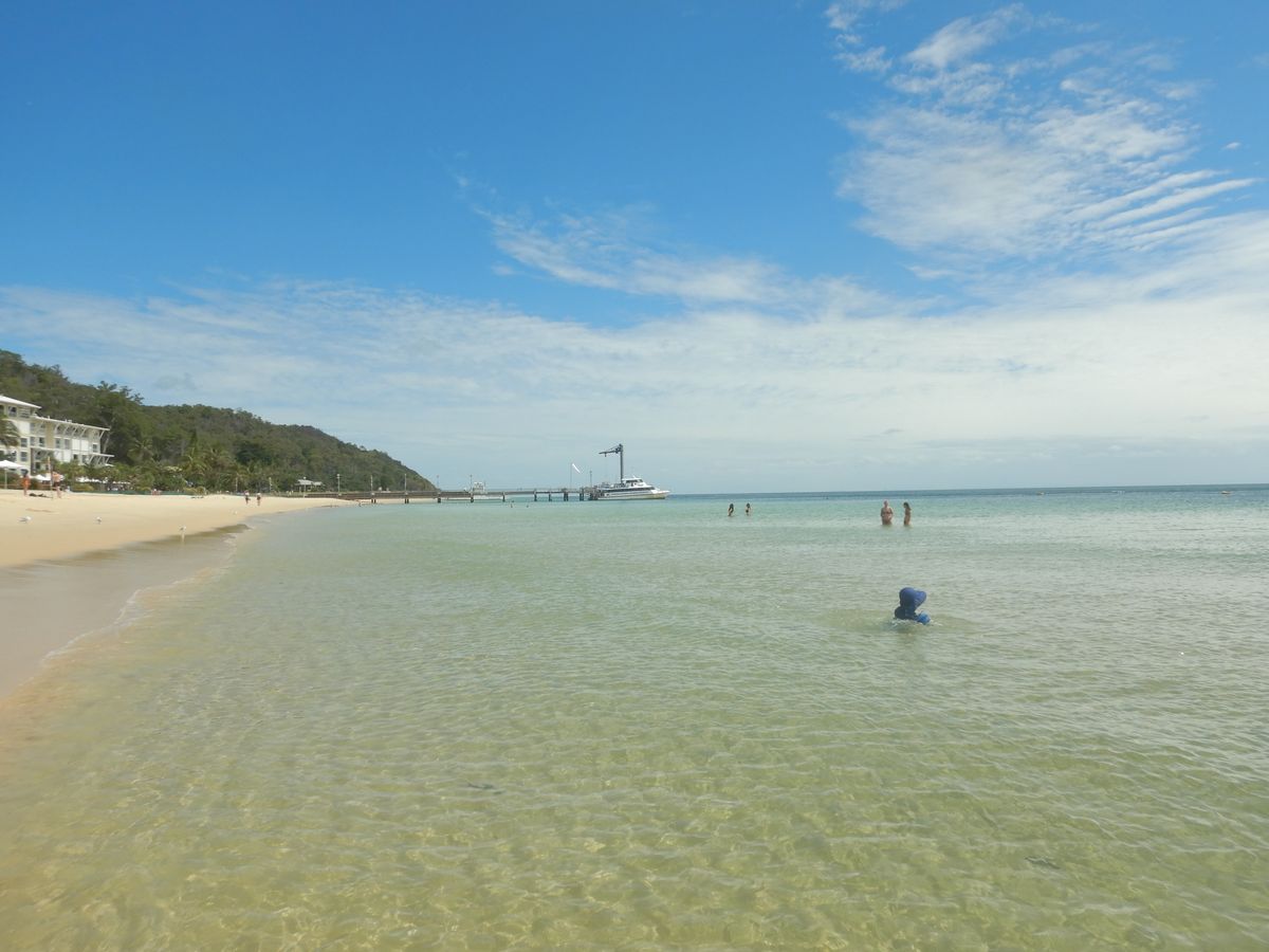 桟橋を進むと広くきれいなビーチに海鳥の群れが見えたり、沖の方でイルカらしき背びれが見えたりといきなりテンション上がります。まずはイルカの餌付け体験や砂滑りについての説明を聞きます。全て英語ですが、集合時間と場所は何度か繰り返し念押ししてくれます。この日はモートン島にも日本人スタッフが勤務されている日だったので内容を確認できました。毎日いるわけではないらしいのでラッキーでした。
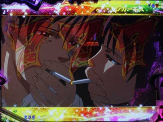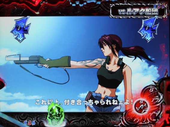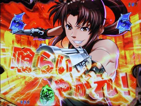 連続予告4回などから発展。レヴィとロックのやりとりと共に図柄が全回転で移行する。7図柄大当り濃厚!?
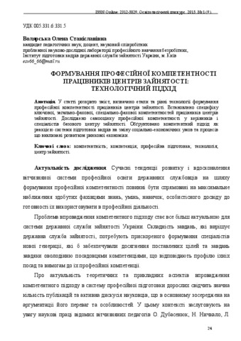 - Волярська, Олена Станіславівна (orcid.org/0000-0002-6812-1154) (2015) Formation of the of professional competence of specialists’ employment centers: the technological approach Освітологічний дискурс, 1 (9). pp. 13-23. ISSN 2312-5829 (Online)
---
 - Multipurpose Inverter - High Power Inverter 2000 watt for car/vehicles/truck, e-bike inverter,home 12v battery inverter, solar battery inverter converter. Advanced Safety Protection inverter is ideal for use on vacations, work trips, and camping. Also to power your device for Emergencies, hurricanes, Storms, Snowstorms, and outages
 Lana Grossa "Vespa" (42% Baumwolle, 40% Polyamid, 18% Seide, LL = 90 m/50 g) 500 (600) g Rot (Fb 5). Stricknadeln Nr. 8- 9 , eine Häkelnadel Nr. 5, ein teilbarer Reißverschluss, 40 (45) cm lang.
---
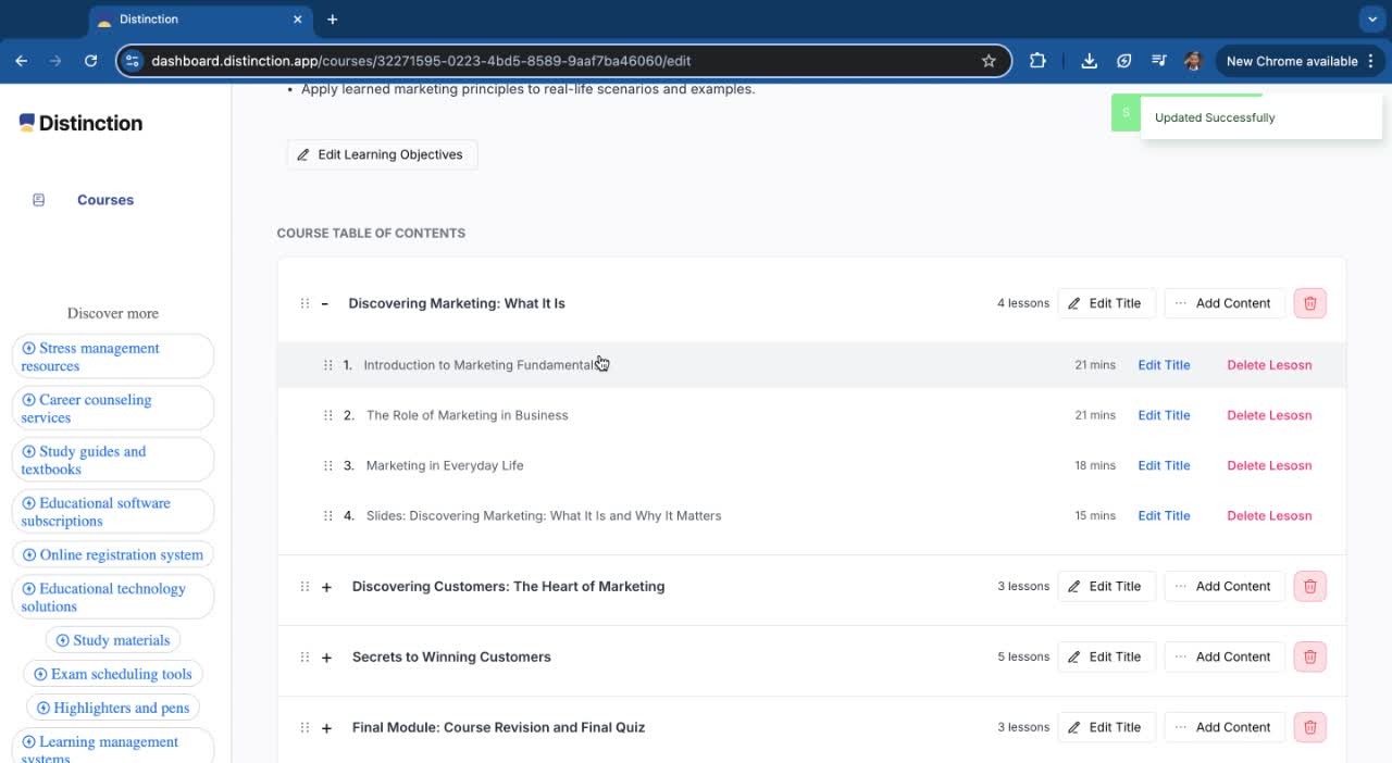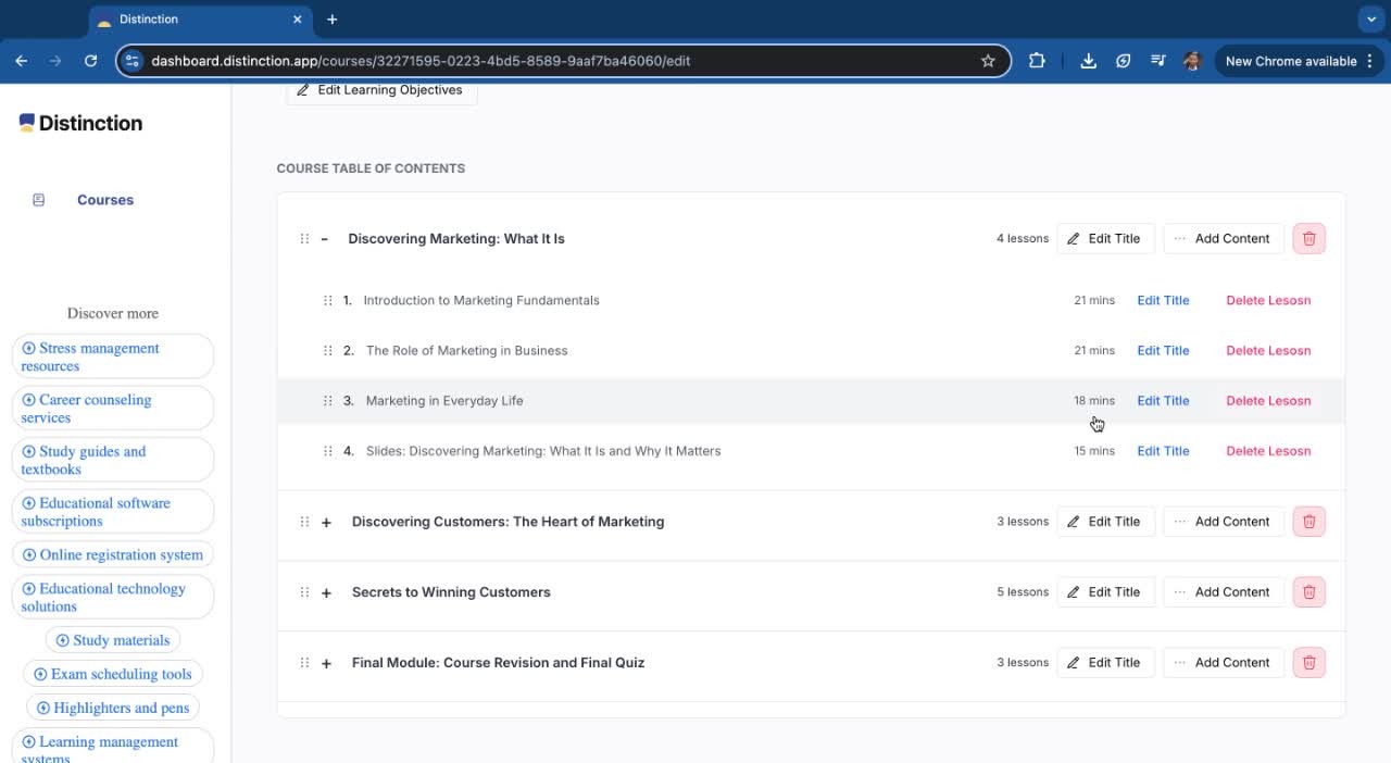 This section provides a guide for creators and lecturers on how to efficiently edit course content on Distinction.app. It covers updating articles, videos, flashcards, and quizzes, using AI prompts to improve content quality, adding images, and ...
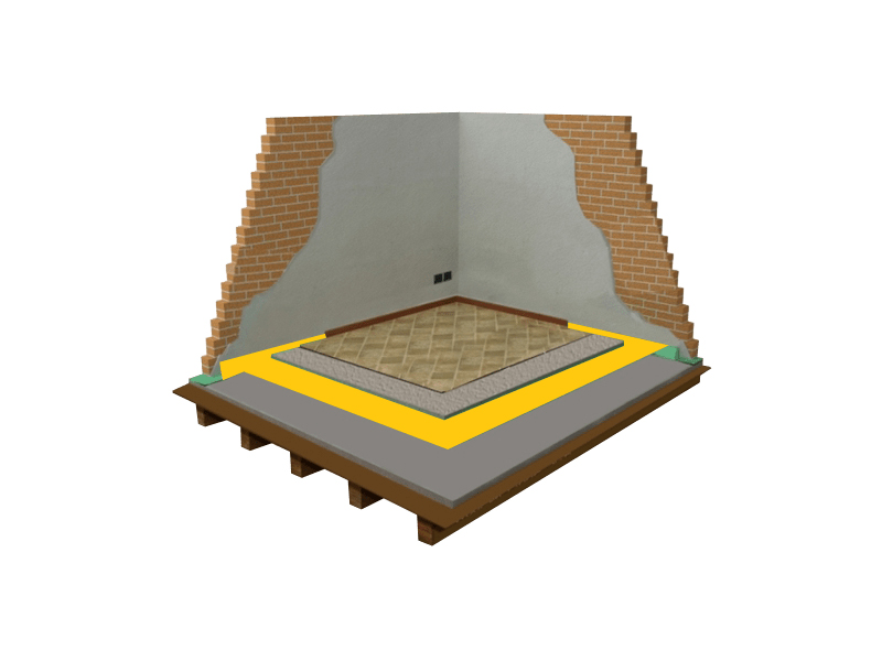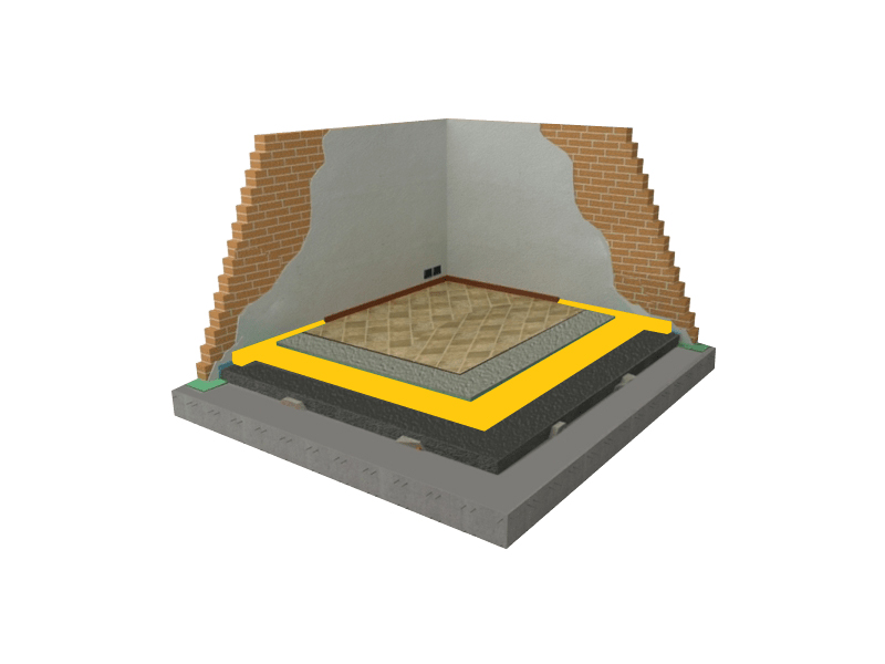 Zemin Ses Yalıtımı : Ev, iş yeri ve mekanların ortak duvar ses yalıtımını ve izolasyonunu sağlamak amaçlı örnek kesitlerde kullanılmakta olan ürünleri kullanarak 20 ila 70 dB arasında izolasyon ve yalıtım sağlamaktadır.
---
> EXERCISE AIM
The copy should hold exactly the lines above from the one with "桟橋を進むと広くきれいなビー" through the one with "- Волярська, Олена", both ends counted, and no pictures at all.

> FINISHED TASK
 桟橋を進むと広くきれいなビーチに海鳥の群れが見えたり、沖の方でイルカらしき背びれが見えたりといきなりテンション上がります。まずはイルカの餌付け体験や砂滑りについての説明を聞きます。全て英語ですが、集合時間と場所は何度か繰り返し念押ししてくれます。この日はモートン島にも日本人スタッフが勤務されている日だったので内容を確認できました。毎日いるわけではないらしいのでラッキーでした。
 連続予告4回などから発展。レヴィとロックのやりとりと共に図柄が全回転で移行する。7図柄大当り濃厚!?
 - Волярська, Олена Станіславівна (orcid.org/0000-0002-6812-1154) (2015) Formation of the of professional competence of specialists’ employment centers: the technological approach Освітологічний дискурс, 1 (9). pp. 13-23. ISSN 2312-5829 (Online)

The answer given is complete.